Animal hosts of HCoVs. Blue, green, purple, red, orange, grey, brown arrows represent the transmission of HCoV-NL63, HCoV-229E, SARS-CoV, MERS-CoV, SARS-CoV-2, HCoV-OC43 and HCoV-HKU1 from their natural hosts (bats or rodents) to the intermediate hosts (camelids, civets, dromedary camels, pangolins or bovines), and eventually to the human population. No concrete evidence exists on the intermediated host(s) of HCoV-NL63 and HCoV-HKU1, which was shown as a question mark (?).

Int J Biol Sci Image
 Table 2 

Animal origins of HCoVs

HCoVNatural hostIntermediate hostReferences
HCoV-229EBatsCamelids?65-67
HCoV-OC43RodentsBovines9
SARS-CoVBatsPalm civets7, 37, 42-48
HCoV-NL63BatsUnidentified62, 63
HCoV-HKU1RodentsUnidentified9
MERS-CoVBatsDromedary camels49-58
SARS-CoV-2BatsPangolins?8, 59

Interspecies transmission of HCoVs

Phylogenetic analysis has provided evidence for interspecies transmission events of HCoVs in the history. When HCoV-OC43 crossed species to infect humans from domestic livestock around 1890, a pandemic of respiratory infection was recorded [68]. The interspecies transmission history of HCoV-229E is less clear. Bat alpha-CoVs closely related to HCoV-229E have been found. Between them there is an alpaca alpha-CoV. Several lines of evidence support the transmission of virus from bats to humans directly. First, humans but not alpacas might have contact with bats in a shared ecological niche. Instead, humans have close contact with alpacas. Second, HCoV-229E-related bat alpha-CoVs are diverse and non-pathogenic in bats, whereas alpaca alpha-CoV caused an outbreak of respiratory disease in infected animals [65]. Finally, alpaca alpha-CoV has not been found in feral animals. Thus, the possibility cannot be excluded that alpacas obtain the HCoV-229E-related alpha-CoV from humans. In fact, bats are the direct source of human pathogenic viruses including rabies virus, Ebola virus, Nipah virus and Hendra virus [69]. It is therefore not too surprising that bats might transmit HCoV-229E to humans directly. Alternatively, whereas bat alpha-CoVs serve as the gene pool of HCoV-229E, alpacas and dromedary camels might serve as intermediate hosts that transmit viruses to humans, exactly as in the case of MERS-CoV [69].

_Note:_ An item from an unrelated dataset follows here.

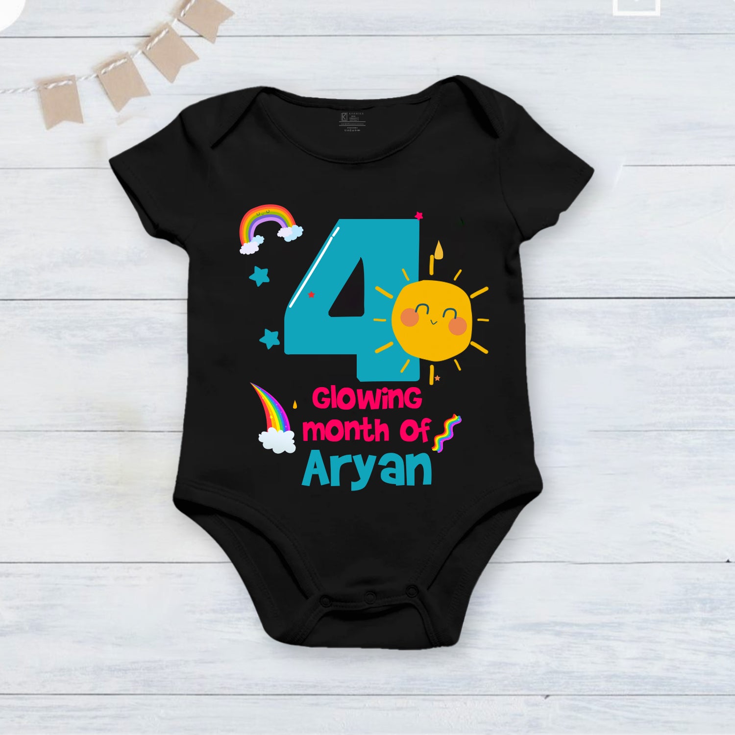 4th Infant monthly birthday_ With Customized Baby Boy's Name Stylish Black Onesies

Host determinants of transmission

MERS-CoV serves as an excellent example of interspecies transmission from bats to dromedary camels and from dromedary camels to humans. The evolutionary origin of MERS-CoV from bats is known at its initial identification and has also been strengthened by subsequent findings [49-51]. It is obvious that bats provide a rich pool of virus species for interspecies exchange of genetic fragments and interspecies transmission. Longevity, densely packed colonies, close social interaction and strong ability to fly are all favourable conditions for bats to be an ideal 'virus spreader'. On the other hand, MERS-CoV has been introduced to dromedary camels for decades. It is well adapted to these camels that have turned from an intermediate host to a stable and natural reservoir host. MERS-CoV causes very mild disease and maintains a relatively low mutation rate in these animals. Its sporadic transmission to humans is an accident and humans remain a dead-end host of MERS-CoV as its transmission cannot be sustained.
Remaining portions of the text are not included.